Silently, Jenny began eating—she wasn’t sure when she and her father would get their next decent meal. Eight hours from now they would most likely be splitting a bag of chips and a stick of beef jerky. Her belly felt uncomfortably full, her tongue thick with syrup. Her father was going on and on about how great Iowa was going to be, how the John Deere plant paid fifteen dollars an hour, how they’d move into an apartment, but just for a while. Once they were settled they could move into a house where she would have her own room and a backyard. Jenny wanted to ask him if there would be a breakfast nook. It sounded so cozy and comfortable, a small corner of the kitchen, surrounded by sun-filled windows. But her stomach hurt and she didn’t want him to think that she approved of his plan in any way.
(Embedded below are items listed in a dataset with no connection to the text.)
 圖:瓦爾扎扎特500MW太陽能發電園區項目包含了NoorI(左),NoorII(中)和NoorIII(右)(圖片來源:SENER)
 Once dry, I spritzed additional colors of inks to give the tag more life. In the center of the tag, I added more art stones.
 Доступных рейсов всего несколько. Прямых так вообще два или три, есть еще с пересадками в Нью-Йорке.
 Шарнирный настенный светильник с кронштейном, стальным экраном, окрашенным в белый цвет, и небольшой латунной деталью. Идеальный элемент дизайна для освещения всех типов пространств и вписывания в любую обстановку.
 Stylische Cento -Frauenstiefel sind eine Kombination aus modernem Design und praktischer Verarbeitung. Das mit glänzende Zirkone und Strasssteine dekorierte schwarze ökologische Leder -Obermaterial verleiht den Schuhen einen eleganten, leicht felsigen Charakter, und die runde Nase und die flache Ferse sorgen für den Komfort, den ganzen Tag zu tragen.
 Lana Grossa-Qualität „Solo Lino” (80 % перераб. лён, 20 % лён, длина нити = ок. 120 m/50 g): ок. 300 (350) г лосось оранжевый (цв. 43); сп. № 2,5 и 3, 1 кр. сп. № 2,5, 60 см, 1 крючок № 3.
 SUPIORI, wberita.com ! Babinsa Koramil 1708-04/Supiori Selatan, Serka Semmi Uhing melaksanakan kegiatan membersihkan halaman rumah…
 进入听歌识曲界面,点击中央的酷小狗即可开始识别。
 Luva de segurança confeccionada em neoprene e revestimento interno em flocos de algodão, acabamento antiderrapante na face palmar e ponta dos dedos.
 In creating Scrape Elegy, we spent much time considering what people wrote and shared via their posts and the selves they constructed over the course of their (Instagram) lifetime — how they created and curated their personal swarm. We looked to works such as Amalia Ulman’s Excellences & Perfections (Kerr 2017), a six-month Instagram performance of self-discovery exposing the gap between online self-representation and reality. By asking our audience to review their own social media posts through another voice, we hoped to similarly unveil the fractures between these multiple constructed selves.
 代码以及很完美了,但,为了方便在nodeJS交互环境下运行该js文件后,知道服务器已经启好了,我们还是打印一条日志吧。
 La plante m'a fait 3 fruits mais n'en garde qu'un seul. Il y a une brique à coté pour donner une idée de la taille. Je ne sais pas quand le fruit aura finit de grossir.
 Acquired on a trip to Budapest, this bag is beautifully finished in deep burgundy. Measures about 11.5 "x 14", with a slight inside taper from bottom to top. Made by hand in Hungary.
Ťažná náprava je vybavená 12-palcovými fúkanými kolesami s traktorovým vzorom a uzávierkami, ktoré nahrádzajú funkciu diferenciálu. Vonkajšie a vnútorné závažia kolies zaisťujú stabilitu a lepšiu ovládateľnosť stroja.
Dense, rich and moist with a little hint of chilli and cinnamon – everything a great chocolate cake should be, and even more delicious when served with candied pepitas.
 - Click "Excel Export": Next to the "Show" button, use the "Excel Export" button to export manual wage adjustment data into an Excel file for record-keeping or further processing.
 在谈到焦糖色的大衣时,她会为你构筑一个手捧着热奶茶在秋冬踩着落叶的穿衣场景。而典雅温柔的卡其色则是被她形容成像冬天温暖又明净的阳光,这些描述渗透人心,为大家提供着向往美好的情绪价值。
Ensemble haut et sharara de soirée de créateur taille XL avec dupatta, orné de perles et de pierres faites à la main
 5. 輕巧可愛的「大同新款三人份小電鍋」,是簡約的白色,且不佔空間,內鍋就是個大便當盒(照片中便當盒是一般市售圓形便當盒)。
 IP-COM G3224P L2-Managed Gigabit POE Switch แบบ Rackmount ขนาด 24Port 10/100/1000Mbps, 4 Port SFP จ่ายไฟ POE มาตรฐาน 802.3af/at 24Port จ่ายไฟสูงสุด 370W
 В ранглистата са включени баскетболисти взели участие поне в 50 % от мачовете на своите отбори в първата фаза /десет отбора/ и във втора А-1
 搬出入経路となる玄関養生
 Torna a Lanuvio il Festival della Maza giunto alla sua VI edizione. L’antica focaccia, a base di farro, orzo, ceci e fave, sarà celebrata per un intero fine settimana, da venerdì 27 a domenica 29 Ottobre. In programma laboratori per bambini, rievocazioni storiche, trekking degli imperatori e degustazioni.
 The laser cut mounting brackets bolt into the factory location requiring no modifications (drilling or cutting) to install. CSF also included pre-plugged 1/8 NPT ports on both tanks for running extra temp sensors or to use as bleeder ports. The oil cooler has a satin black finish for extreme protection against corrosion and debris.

Jenny licked her syrupy fingers one by one. “When do we leave?” she asked in resignation.

“How ’bout tonight?” her father asked, smiling broadly, his right cheek collapsing into a deep dimple that women loved. Then, leaning in so closely that she could smell sausage intermingled with this afternoon’s beer, he lowered his voice. “You run on home and start packing. I’ll pay and catch up with you in a few minutes. We got a bus to catch at midnight.”

Jenny knew that her father wasn’t going to pay for their supper, but at least he was letting her get out of the restaurant before embarrassing her to death. He was thoughtful that way.